Already, scientists at Wake Forest University have grown gall bladders on artificial “scaffolds” of water soluble material. Seven patients have these new bladders, and they are still working. ( The Economist , February 20, 2010), while physicians in Europe have implanted lab-grown tracheas. In Japan several children are living with tissue-engineered cardiac blood vessels ( Science , Aug. 2011).

The second generation of tissue engineering is already upon us. Progress in rebuilding complex organs such as lungs will be difficult, but is no longer the stuff or science fiction. Tissue engineers, harnessing properties of intercellular communication, have even begun to induce in vivo heart muscle regeneration. If they are successful, it may be possible to generate muscle for a “cardiac muscle patch.” ( Science , February 12, 2010).

One new innovation in tissue engineering marries nanowires with human cells. In Sept. 2012 scientists from Harvard, MIT and other Boston-area universities announced the creation of Cyborg-like tissue, where a network of nanowires containing electrodes that will enable physicians to monitor changes in human tissue at levels not imagined before.

The third generation of tissue engineering is almost at hand. By 2020, engineers might deploy self-assembling nano-electronic components to create 3-D circuits to improve the tissue compatibility of implants. Especially promising are plans to print organs using inkjet technology to imprint stem cells. Scientists and engineers are adapting tissue engineering to deal with a multitude of medical problems such as kidney failure, atherosclerosis, spinal cord injuries, inflammations, age-related diseases, and osteoporosis. It now seems that there are only a few parts of the body that cannot be ultimately replaced with bio-artificial replications of body parts.

Conclusion: the nano-bio-info convergence

Nanotechnology will surely revolutionize energy and materials science. The potential for truly staggering applications of biotechnology as augmented by nano and information technology is also in little doubt. Whether much of this potential will be soon realized is, however, yet unclear. Financial constraints on transfer of innovations based on these technologies are loosening, but legal and regulatory constraints loom much larger than in past technological revolutions. In the U.S. the Food and Drug Administration has become increasingly risk-adverse in approving new genetic and nanotech treatments in medicine. And no one knows what the next session of congress will bring.

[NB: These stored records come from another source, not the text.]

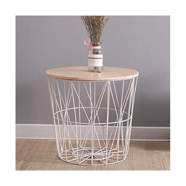 - Wire Metal Basket Side Table with round MDF wooden table top, minimalist home decor.
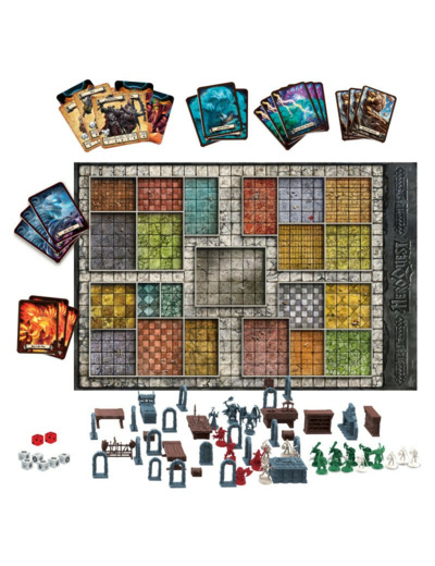 Inclut plateau de jeu, 31 figurines de monstre, 4 figurines de héros, 15 pièces de mobilier, 10 crânes, 4 rats en plastique, 21 portes de donjon, 93 cartes de jeu, 4 cartes de référence, tuiles cartonnées, livre des quêtes, 4 cartes de personnage, écran du maître de jeu, bloc de feuilles de personnage, 6 dés de combat blancs, 2 dés rouges et livre des règles.
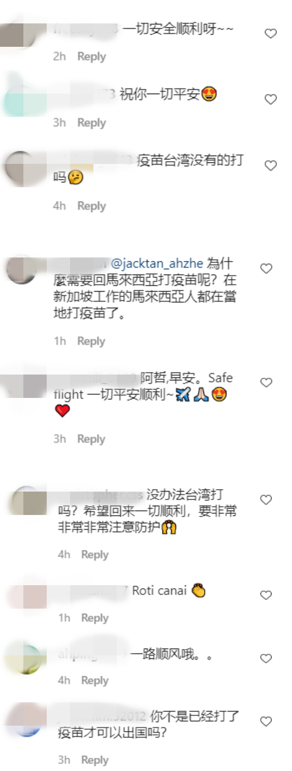 阿哲在去年飞往台湾工作,加上受疫情影响,他已经在台湾逗留逾半年。如今回马接种疫苗,让许多网友惊喜的当儿也十分好奇:“疫苗台湾没有的打(疫苗)吗”、“为什么需要回马来西亚打疫苗呢?”、“没办法台湾打吗?希望回来一切顺利,要非常非常非常注意防护”、“你不是已经打了疫苗才可以出国吗?”
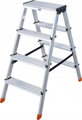 Lekka aluminiowa drabina z wejściem z dwóch stron dla wysokości roboczej do 3,30 m (wariant z 8 stopniami).
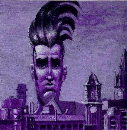 This as an 8 x 8 acrylic rough for a larger painting of the musician, Morrissey.
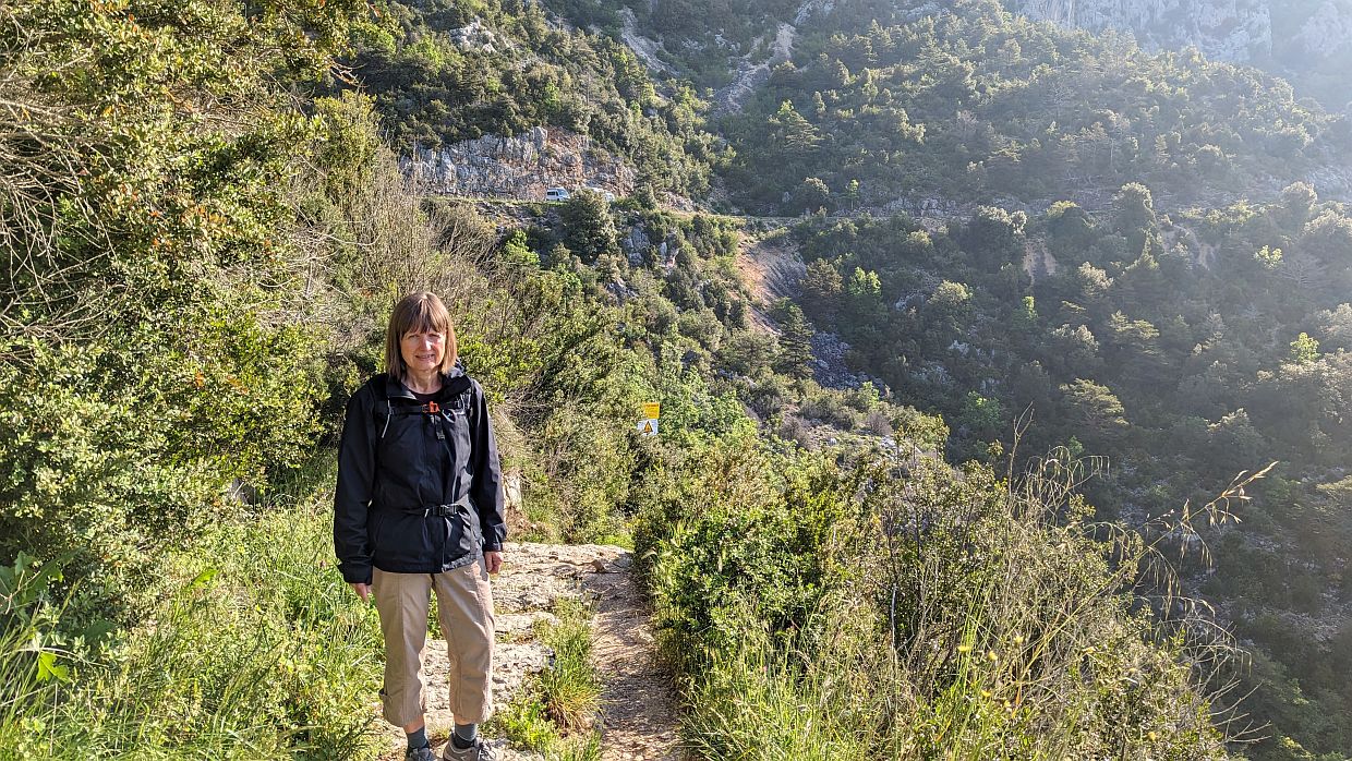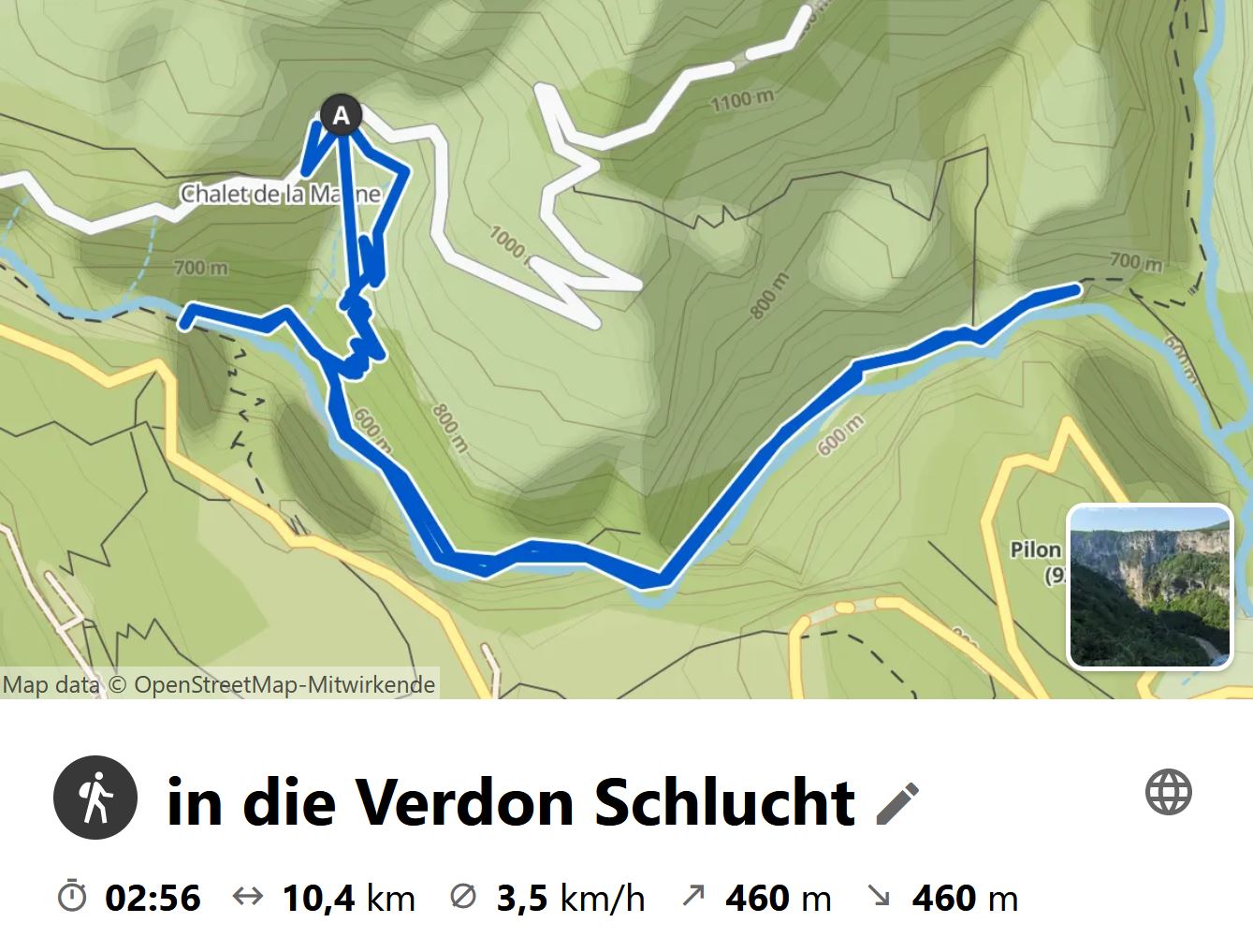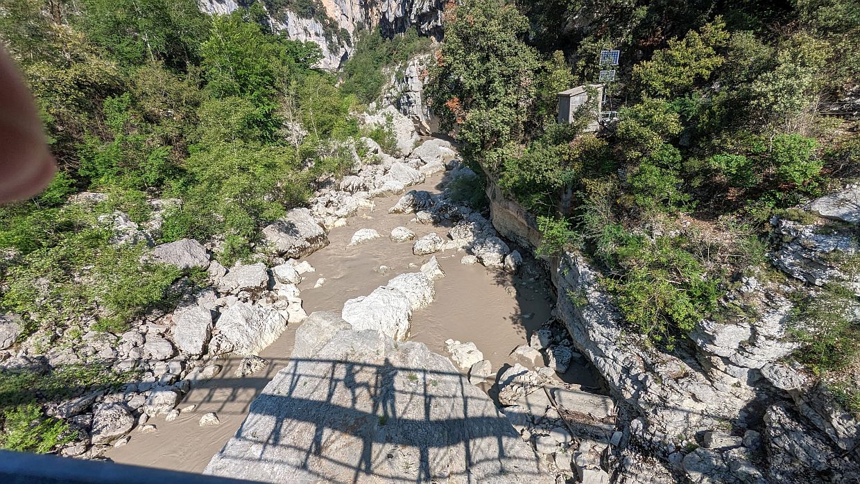 Eigentlich wollten wir bis zum Zusammenfluss von Verdon und L’Artuby wandern, aber das war dann doch konditions- und wettermäßig etwas zu viel. Um 11:30 Uhr setzten wir uns auf einen Stein und machten Vesperpause. Danach drehten wir um und gingen den ganzen Weg, bis auf den Abstecher zur Brücke, wieder zurück.

From genomics, biotechnology has already provided us with a complete parts list for humans. As a result of advances in wet nanotechnology and information technology, tissue engineering promises to provide widely available, inexpensive, and reliable spare parts for humans. If we can find ways to resolve ethical – and perhaps moral – issues raised by our fast-expanding capacities in these converging technologies, their economic and social impacts could be as profound and as positive as that wrought by any previous revolution in human history.

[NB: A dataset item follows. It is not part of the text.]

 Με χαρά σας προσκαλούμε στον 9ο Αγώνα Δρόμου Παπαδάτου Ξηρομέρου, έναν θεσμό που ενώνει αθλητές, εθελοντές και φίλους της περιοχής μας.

Even ten years ago, much of what we have discussed today seemed impossible. What can we say about that? We may close with a pithy quote from Arthur C. Clarke, the writer who first envisioned the idea of artificial earth satellites: “The only way to discover the limits to the possible is to venture a little past them – to the impossible.”

Developing nations who hope to successfully cope with the potential challenges arising from 21st century technology will clearly need to focus very strongly on programs of education and research that steadily enhances and expands the stock of human capital.